My Reply: Maybe I used the wrong description for my Dark Tune then. I wasn't trying to convey something miserable, sad, or depressing. I was trying to convey something awesome, but, at the same time, dark. It would be like awesome power being unleashed from a dark villain, or a dark character, as opposed to a person mourning the loss of a loved one, or being tortured alive in agony.

So, perhaps the major key feeling you was getting was actually the "awesomeness" of that character's power. But, that awesomeness has to be in a minor key to make it a dark form of awesomeness, which is why my tune was in the key of C minor. So, both C minor, and the relative major, should convey something that's both awesome, dark, and heavy.

Other Person's Response: Look Matt, I haven't got the time or inclination to school you in music theory. There aren't any shortcuts to this stuff. It's up to you to learn or not. What I've heard lately is a step forward from your earlier efforts, I will say that. Try aiming for 'good' instead of 'great'. All the best with it.

My Reply: Understood.

Other Person's Response: Do you just create melodies in your own mind, or do you create full songs or themes in your mind as well?

My Reply: I'm very well capable of creating full themes or songs in my own head. For now, I'm just creating melodies, and sharing them as a means to showcase my mental musical gift. Unfortunately, showcasing my melodies isn't going to work because people can't understand my melodies in their current stage.

Other Person's Response: Are you sure you've gotten the notes of that Dark melody right?

My Reply: I might've actually gotten them wrong. I have a hard time telling the difference between the tunes I hear in my mind, and what I'm reproducing on the keyboard. I can't tell if the notes I've chosen on the keyboard are the ones I hear in my mind or not.

It becomes much more difficult when I have black keys to work with because I can't tell if the note I'm hearing is a black key, or a white one. It becomes much easier for me when the tunes I'm hearing in my mind consist only of white keys.

Although, I do sometimes get a few notes wrong, even with tunes in my head that only have white keys. It's much more difficult when I try to replicate dark or dramatic tunes in my head, since these are ones that have the black keys.

Perhaps the reason why it's so difficult for me is because the tunes I'm hearing in my mind are so faint that it's hard to make out what notes they are. Even if I say the notes out loud, it's still difficult for me to determine what note that is. I'm not sure why it's difficult for me. Maybe I just need more ear training.

Other Person's Response: I find this whole packet to be comical and a joke! People have every reason to mock you!

My Reply: I don't really see why, and I'll give you 3 reasons:

1.) I could've gotten the notes and the key wrong to some of my tunes. That's perfectly understandable for someone who's just beginning at composing. I think such a person simply needs ear training.

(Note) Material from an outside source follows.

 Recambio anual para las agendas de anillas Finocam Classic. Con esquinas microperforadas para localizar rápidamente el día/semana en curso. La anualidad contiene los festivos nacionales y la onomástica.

2.) Even if I did get the right notes to some of my tunes, I understand my own melodies, since I know what they're supposed to be, and I thought that, by adding chords and a beat to them, other people would understand them as well. As a matter of fact, I thought, at one time, that my tunes didn't even need a beat and chords to them, and that they could just be melodies, and nothing more, in order for people to understand them.

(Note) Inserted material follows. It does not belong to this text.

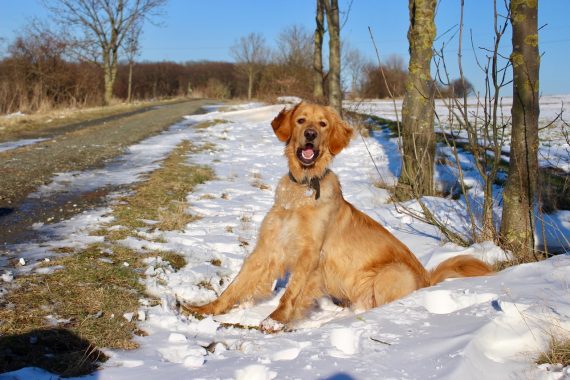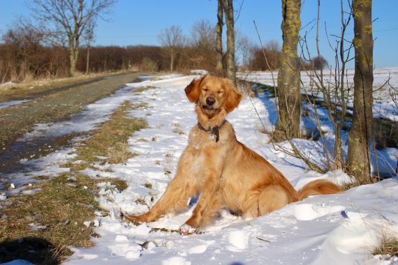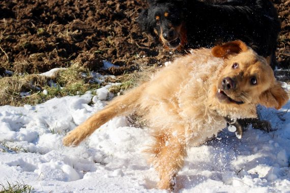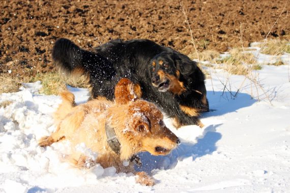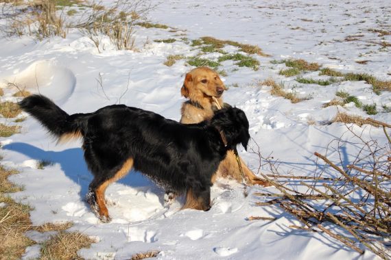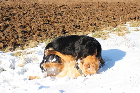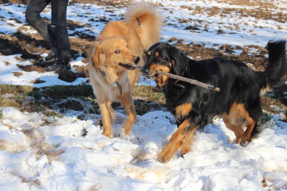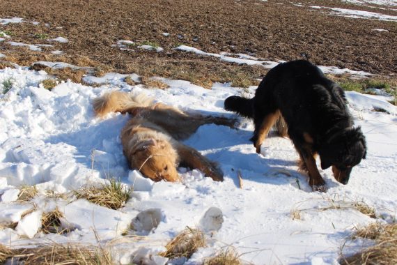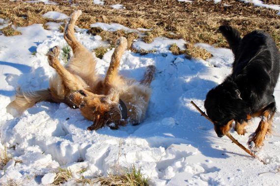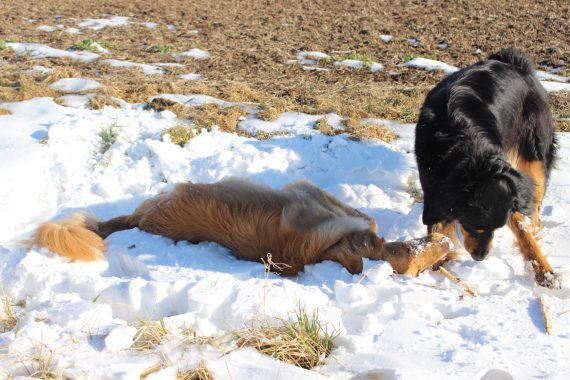 Bolle hat den Schneegraben dann auch gerne zum Schnee-Bad genutzt und sich ganz nebenher immer näher an Nala mit dem Stock herangerollt. Schließlich hat er dann auch ein Stückchen vom dann bereits zerlegten Stock abbekommen.

I don't see why that's something to laugh at because, if a person makes a work of art, or writes something that he clearly understands the meaning of, then it's only natural for that person to think other people would get the intended meaning, or the artwork as well. But, that person would soon learn he needs to be a skilled writer, and artist, in order to successfully convey his message and artwork.

3.) I said a short tune, that has the right choice of notes, is all that's needed for music to be good and catchy. I think that's understandable, considering there are short tunes out there that are good and catchy. An example would be that Zelda tune I posted earlier, the McDonald's I'm Lovin' it tune, which is used to sell burgers, and other short tunes.
Last edited by MozartLink on Wed Mar 11, 2020 4:41 am, edited 2 times in total.